Role of venous drainage in cerebral arteriovenous malformation surgery, as related to the development of postoperative hyperperfusion injury

Carlo Schaller, Horst Urbach, Johannes Schramm, Bernhard Meyer, Giuseppe Lanzino, Robert F. Spetzler, Duke S. Samson, Robert A. Solomon, H. Hunt Batjer

Research output: Contribution to journalArticlepeer-review

13 Scopus citations


OBJECTIVE: To elucidate the role of venous drainage in cerebral arteriovenous malformation (AVM) surgery, with respect to the development of postoperative hyperperfusion injury. METHODS: For 52 patients with supratentorial AVMs, cortical capillary oxygenation (SaO2) was assessed intraoperatively, before and after resection, in the vicinity of the AVMs, by using a microspectrophotometric method.

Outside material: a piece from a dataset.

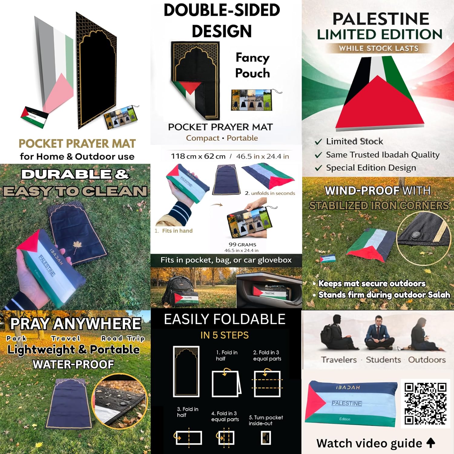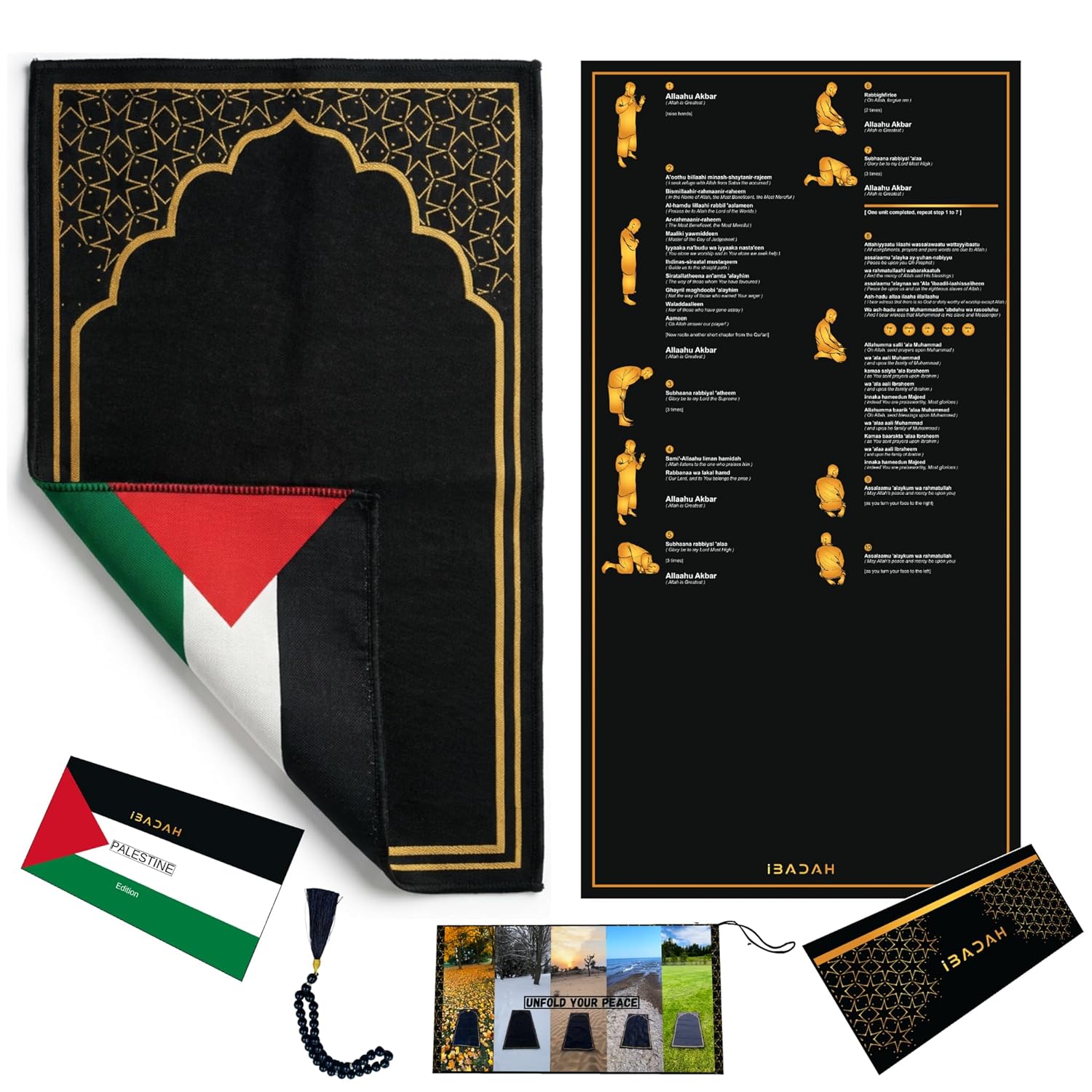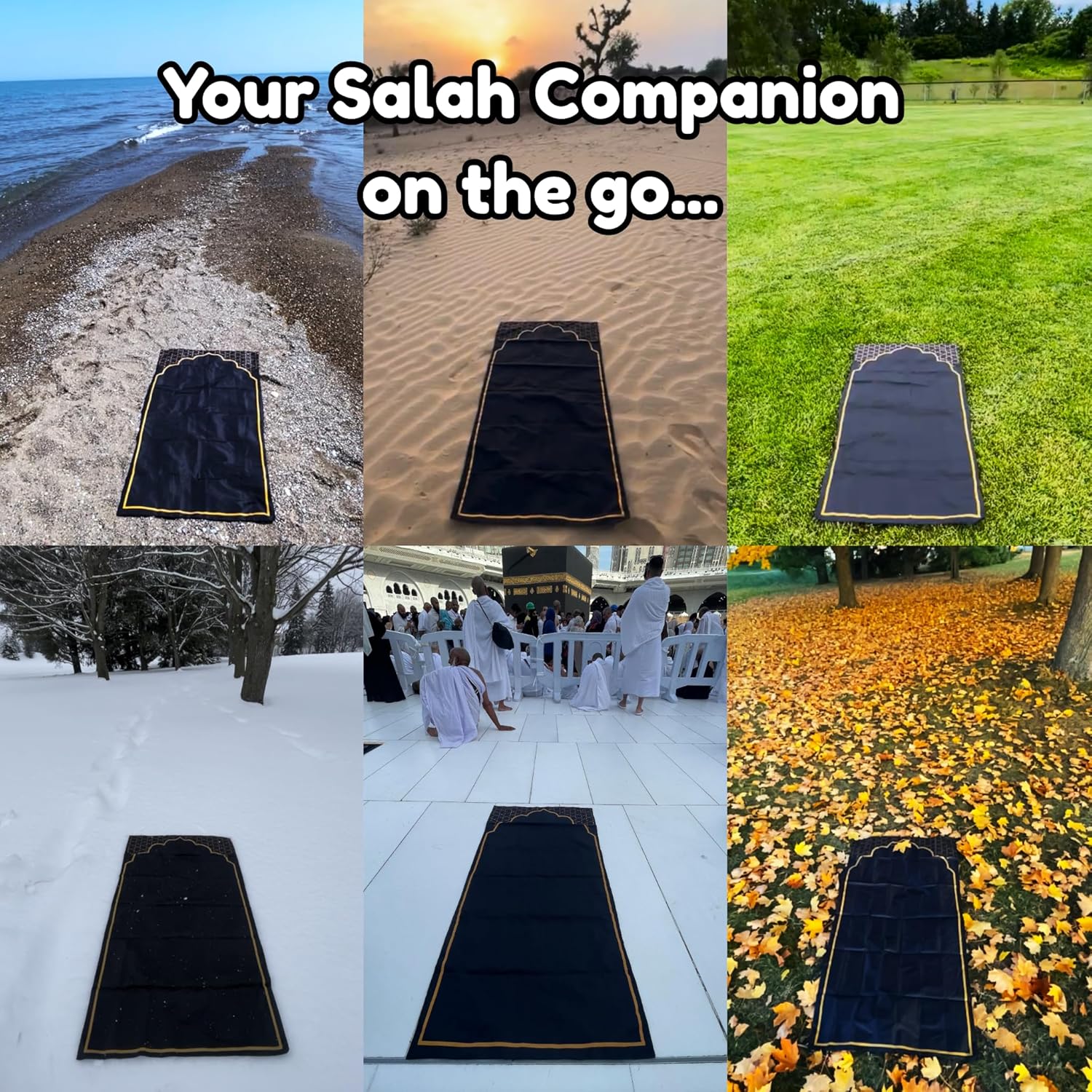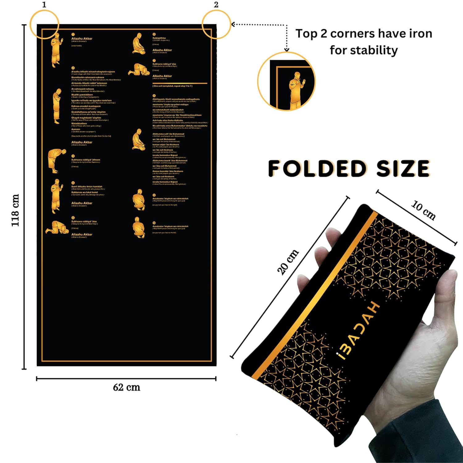 Portable: Easily folds and fits into the pocket attached on the prayer mat!

Assessed areas were defined as being related to feeding arteries or draining veins or as distant areas. Patients were divided into three groups on the basis of postoperative angiographic findings, as follows: Group 1, all former draining veins preserved (8 patients); Group 2, ≥ former draining vein visible (12 patients); Group 3, no former draining veins visible (32 patients). Patients and SaO2 values were pooled and compared by using paired and unpaired t tests (P < 0.05). Venous circulation times were calculated from digital subtraction angiography films. RESULTS: The postresectional relative increases in SaO2 values were highest in draining vein areas (+40.8%, compared with +25% in feeder areas and +25.5% in distant areas). Five postoperative hyperemic complications occurred (9.6%), none in Group 1 (with all draining veins preserved), two (16.7%) in Group 2, and three (9.4%) in Group 3 (with all draining veins occluded). The lowest preresectional Sao2 values (31.7 ± 6.2%) were measured in the drainer areas of the five patients who subsequently developed hyperperfusion injuries. Among those patients, postresectional increases in SaO2 values were significantly greater in drainer areas (+167.8%) than in feeder areas (+28.3%) or distant areas (+25.8%). Postoperative venous circulation times in former draining veins in Group 2 were significantly greater than those in Group 1 (8.9 ± 1.5 s versus 6.3 ± 0.6 s). Circulation times in normal veins in the five patients with hyperperfusion injury increased from 5.6 ± 1.0 seconds (preoperatively) to 8.4 ± 1.9 seconds (postoperatively). CONCLUSION: Postoperative hyperperfusion injury after resection of cerebral AVMs can be explained on the basis of unconstrained arterial inflow into cortical areas, which are rendered hypoxic/ischemic by longstanding preoperative venous hypertension. The risk for postoperative breakthrough complications seems higher in the presence of multiple draining veins, which also participate in the physiological venous drainage system of the ipsilateral hemisphere.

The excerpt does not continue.